If systems work to safeguard children, they do so regardless of whether staff members are male or female. The system does not differentiate.

If you can’t trust leaders of the nursery you use, to operate a system robustly to protect your child against male staff members, then you can’t trust them enough to protect your child against female staff members either.

In some ways not employing male staff is an easy out (and illegal). I wonder if they take other ‘easy options’. I would certainly be checking robustly in my role.

Blades2 · 18/06/2026 20:55

Pretty sure some of Fred Wests victims were adopted by them….just say you’re homophobic. It’s easier than this bs.

Honeyhonay · 18/06/2026 20:59

Runningswanker · 18/06/2026 16:40

Women are certainly less likely to commit violent or sexual offences against children. But emotional abuse, neglect, physical abuse? Or do you think those aren't important?
There are many, many families where women are present and children are harmed. 75-80% of child protection plans are category emotional harm or neglect. Only 3% are sexual abuse (and that includes sexual abuse from other children, not just from adults and not just from males)

Actually ONS puts the gender split of neglect, emotional and physical abuse as largely even between men and women!

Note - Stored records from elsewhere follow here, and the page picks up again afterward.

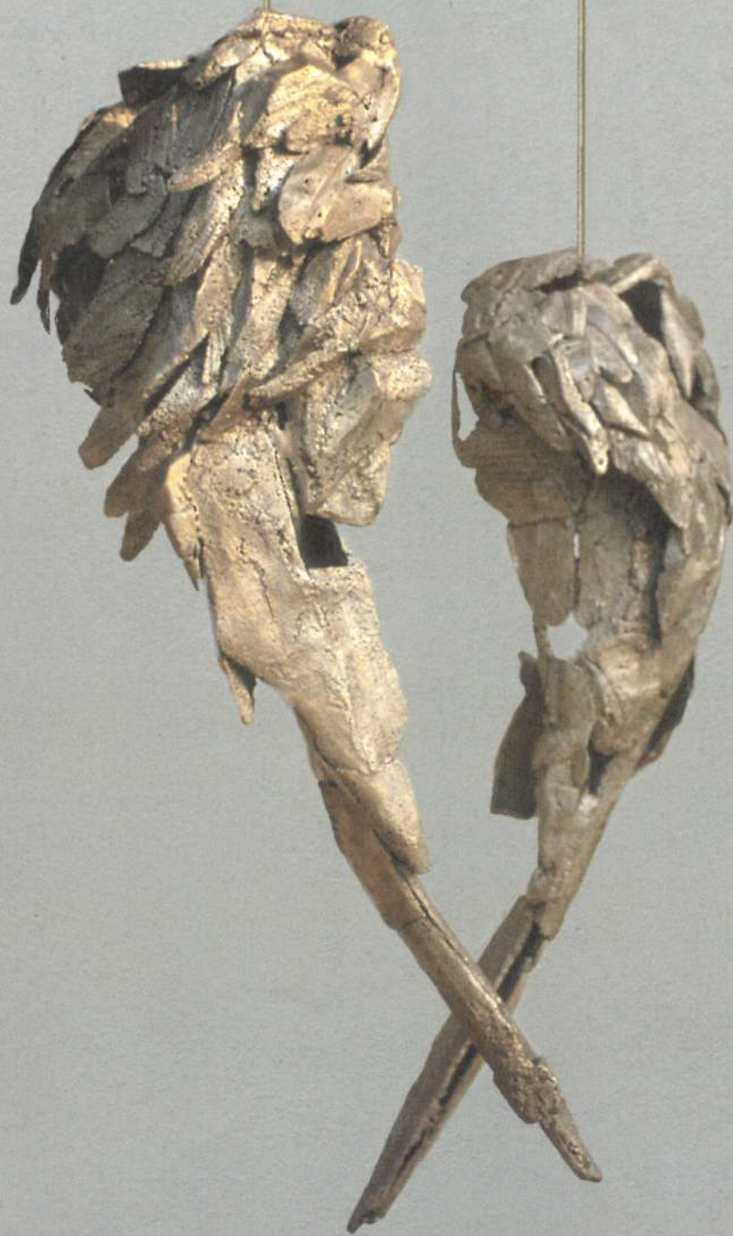
Pensamiento y Memoria; 130 cm x 37.5 cm x 36.25 cm; 122.5 cm x 40 cm x 30 cm; aluminio Thought and Memory; 52" x 15" x 14.5"; 49" x 16" x 12"; aluminum
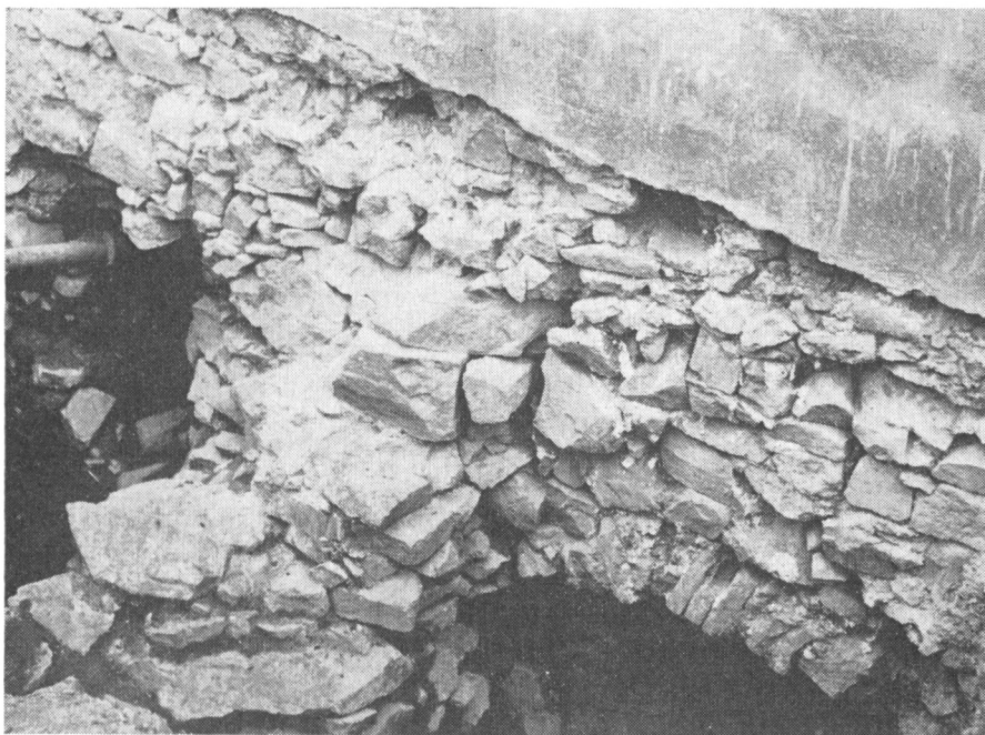
Obr. 3. Východná strana opevnenia Trojičného námestia.
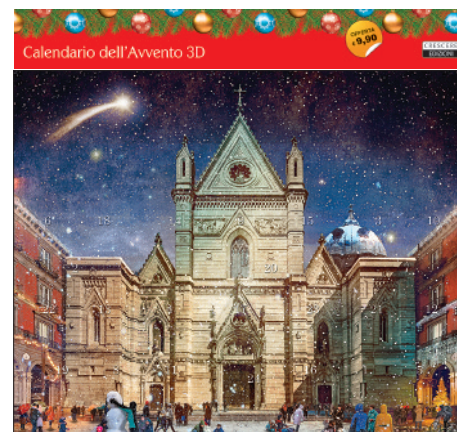
SAN GENNARO (DUOMO DI NAPOLI) 9788883379772
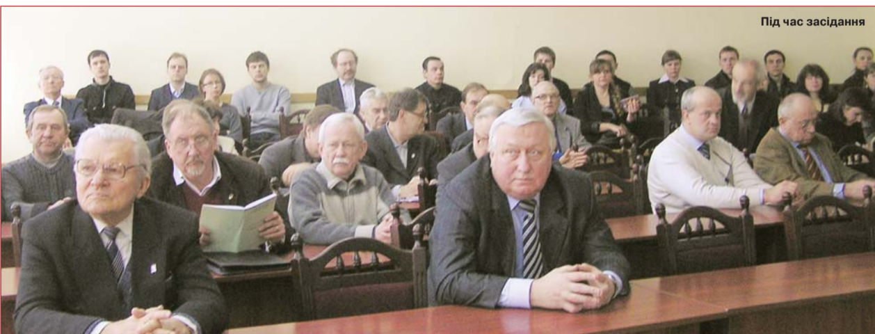
Під час засідання

5. Розділ "Додаткові пільги і виплати": 7.11 виключити, як такий, що не відповідає законодавству. Додаток 5 – виключити, пункт 20 у зв'язку з припиненням діяльності санаторія-профілакторія. У всіх розділах замінити слово "медпункт" на "оздоровчий пункт".
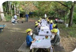
森の中できのこパーティー
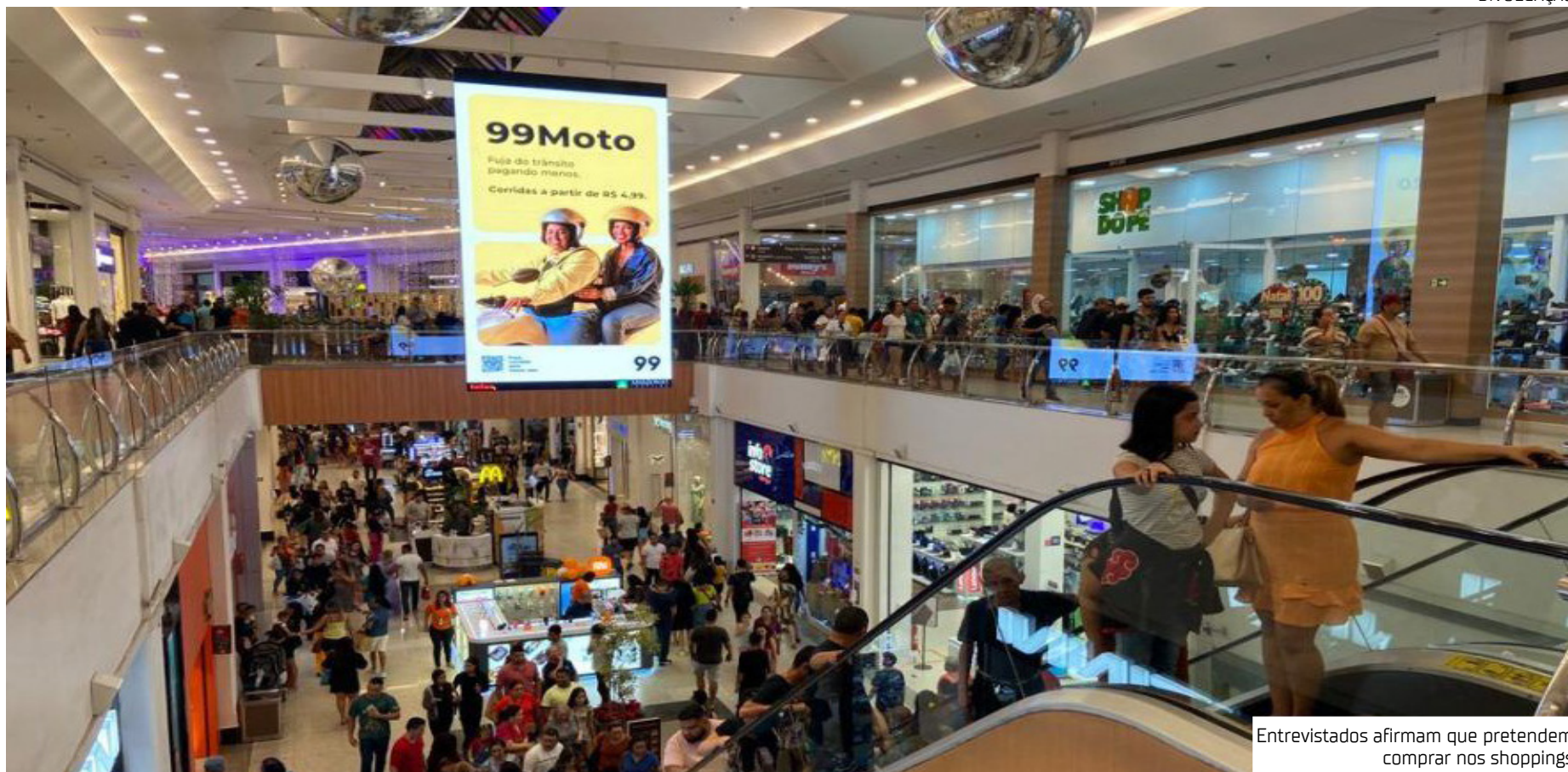
Entrevistados afirmam que pretendem comprar nos shoppings

De acordo com os entrevistados, o principal produto escolhido para presentear é
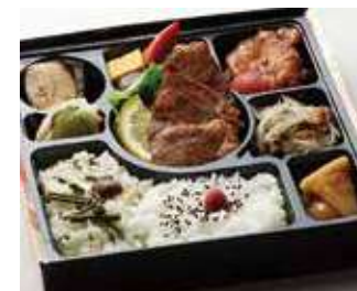
特上霜降りカルビ幕の内御膳 ～寅次郎流～ 商品番号-1846 834 円 (税別)

お肉も野菜もバランスよく、おなかいっぱいお召し上がり頂ける自慢の一品です。こってり味の牛焼肉と上品な味わいの京風煮物です。
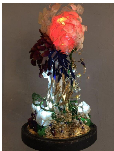
Sébastien Simon, Au cœur du jardin , 2022 © Sébastien Simon
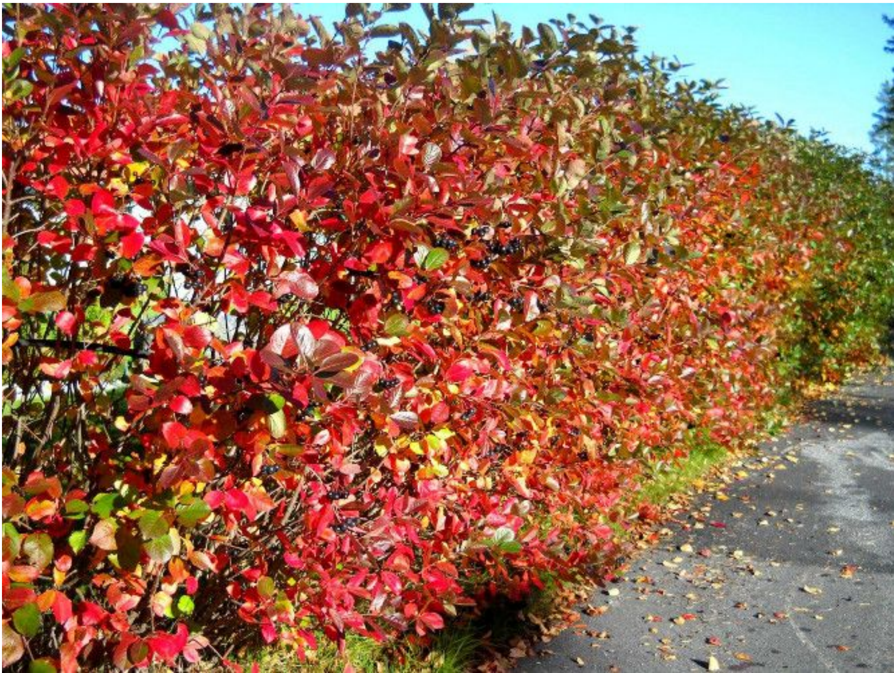
Черноплодна я рябина
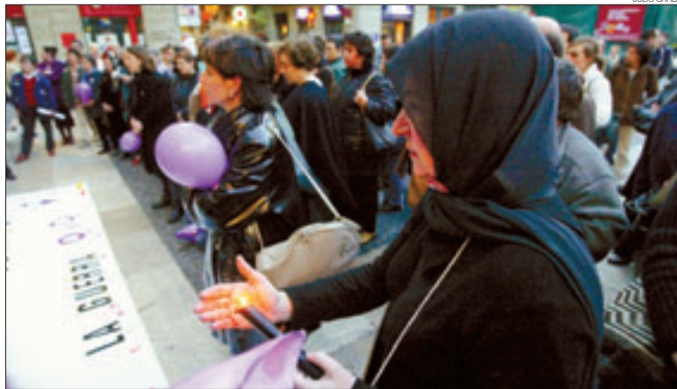
▶ Mujeres de luto portan velas negras, ayer, en la concentración de la plaza de Sant Jaume contra la guerra.
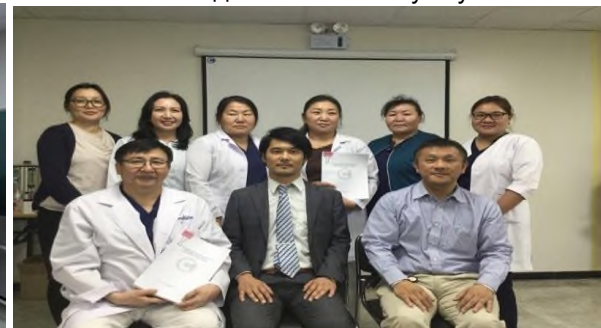
Зураг 5. Хүүхдийн судлалын тойролтын гарын авлагыг боловсруулсан ажлын хэсэг
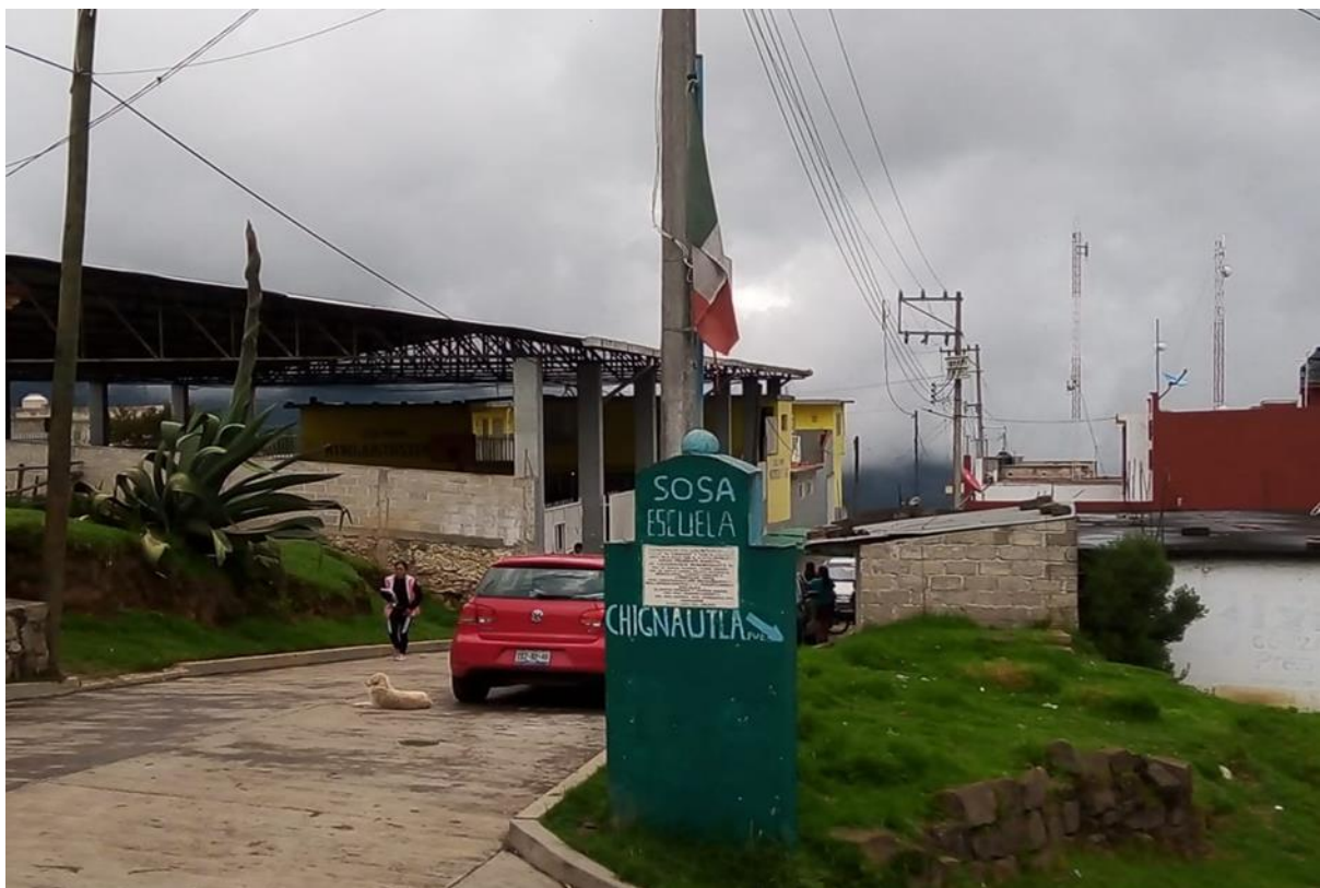
Anexo 2. Parada Sosa Chignautla.
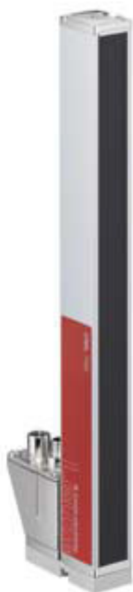
Figure pouvant varier
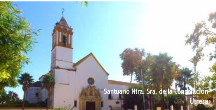
Santuario Ntra. Sra. de la Consolación Utrera

Son numerosas las sorpresas que depara Utrera al visitante, como las iglesias de Santa María de Mesa y Santiago el Mayor, así como el castillo, el Centro Cultural Casa Surga y el propio ayuntamiento emplazado en el palacio de Vistahermosa, del siglo XVIII. Pero no podemos dejar la ciudad sin visitar a su patrona, Ntra. Sra. de la Consolación en su santuario, antiguo convento franciscano que estuvo bajo el patrocinio del valido del rey Felipe IV, el Conde Duque de Olivares. Hay que detenerse a admirar sus numerosos tesoros artísticos, entre los que destaca el retablo barroco del altar mayor.

Thedevilhasfinallycaughtupwithhim · 18/06/2026 21:03

PuttingAside · 18/06/2026 20:54

I’m not angry at all.

Part of my professional life is safeguarding children, including in education, checking systems, procedures and policy.

If systems work to safeguard children, they do so regardless of whether staff members are male or female. The system does not differentiate.

If you can’t trust leaders of the nursery you use, to operate a system robustly to protect your child against male staff members, then you can’t trust them enough to protect your child against female staff members either.

In some ways not employing male staff is an easy out (and illegal). I wonder if they take other ‘easy options’. I would certainly be checking robustly in my role.

“If you can’t trust leaders of the nursery you use, to operate a system robustly to protect your child against male staff members, then you can’t trust them enough to protect your child against female staff members either.”

I do trust them.

They make it easy to trust them because they are so robust in their systems in protecting against male staff members that they don’t even have any.

☺️

ImaSpringChicken · 18/06/2026 21:03

This is the first case of parents killing their child i can remember where the mother was not found guilty too.

Thedevilhasfinallycaughtupwithhim · 18/06/2026 21:06

Honeyhonay · 18/06/2026 20:59

Actually ONS puts the gender split of neglect, emotional and physical abuse as largely even between men and women!

Are the numbers of children raised in households with mothers vs. Households with fathers taken into consideration with these statistics?